The upcoming presidential election in the United States lacks the excitement of the election four years ago when Barack Obama made history by being the first black person ever to occupy the White House. He cannot make that kind of history again. The issues he is grappling with in this election are humdrum ones of a sluggish economy and job-creation. They concern the lives of ordinary Americans but have no other extraordinary significance.
The challenger, Mitt Romney, is not an electrifying candidate either. On the contrary, his campaign has been judged as amongst the worst ever by a Republican nominee. To many he is not a credible candidate in terms of clarity and consistency of views and convictions. The domestic focus of the election also reduces the level of outside interest in countries that are not US allies.
Whether Obama or Romney wins is not too material for India-US relations because of the level of maturity and stability they have reached in the last few years. Political and economic attitudes on both sides have been transformed, with a visible desire to work together in mutual interest. The claim that bi-partisan political support now exists in the US for closer ties with India is well-based. The electoral platform of both parties is positive about India, with the Democrats affirming that the US “will continue to invest in a long-term strategic partnership with India’ and the Republicans calling India a “ geopolitical ally and a strategic trading partner”.
India has grown out of the simplistic traditional thinking that Democrats are more friendly towards India than Republicans. If Kennedy was more understanding of India, Carter was much less so and Clinton’s positions on nuclear matters, Kashmir, human rights issues etc were highly negative for us, a reality his successful visit to India towards the end of his second tenure should not obscure. On the other hand, if Nixon’s attitude towards India was unspeakable, Bush was responsible for transforming US ties with India. In reality, Democrats and Republicans will do what they think is best for the US in given circumstances.
We know, of course, where we stand with Barack Obama, whereas Mitt Romney is an unknown quantity. But familiarity with one and the absence of it with the other is not important beyond a point as US policies emerge and evolve from an intensive internal inter-departmental process that has maximization of national interest as objective. Obama’s views were not initially too congenial for us on several issues, but they evolved more favourably for us in the course of his presidency. After election he publicly mulled over nominating Clinton as US Special Envoy on Kashmir. He believed that to obtain Pakistan’s support for the US in Afghanistan it was necessary to press India to make concessions to Pakistan on Kashmir. He was opposed to any prominent role for India in Afghanistan. He alienated the most pro-US section of the Indian entrepreneurial class by his position on outsourcing. But recognizing altered realities, his discourse on Pakistan, India’s role in Afghanistan, on Kashmir etc has changed in our favour, though on outsourcing he continues to play politics.

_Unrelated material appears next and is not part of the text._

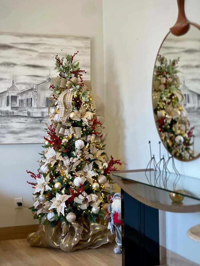 I’m a ribbon person, and this tree goes all in. Gold bows, plaid tails, poinsettias, and berry sprays layer into a cone that still shows plenty of green. The base is wrapped in wide metallic mesh that puddles like fabric. It’s theater, but tasteful. My personal mistake in the past was cutting ribbon too short. Long tails feel generous and classy.

The Obama Administration is helping India strengthen its capacities to manage internal security, which the new Administration will also do. It has designated LeT and the Haqqani group as terrorist organizations, and declared a bounty on Hafiz Saeed. But then the US has to manage the political and military transition in Afghanistan for which they need a minimum of Pakistani cooperation, including access to supply routes. These realities will weigh with whoever wins the election.
The US as a whole, though, is now deeply disenchanted with the vagaries of Pakistan’s policies towards terrorism and Afghanistan. Romney undoubtedly shares the general American disillusionment with Pakistan’s conduct. If Obama loses and Romney wins one can hardly see the US overcoming its distrust of Pakistan.
On Kashmir, Romney can be expected to pursue Obama’s present neutral line of leaving it to India and Pakistan to settle the issue bilaterally. The US is not yet ready to give India the kind of comfort in Kashmir that should logically flow from its own experience of Pakistan’s toxic policies in its immediate neighbourhood driven by military ambition and religious radicalism. However, on the whole, we will have less issues with US policy towards Pakistan whatever the outcome of the next election.
Romney is particularly tough on China. If the Democrats under Obama consider India a lynchpin in the US pivot towards Asia, the Republicans under Romney will hardly think otherwise.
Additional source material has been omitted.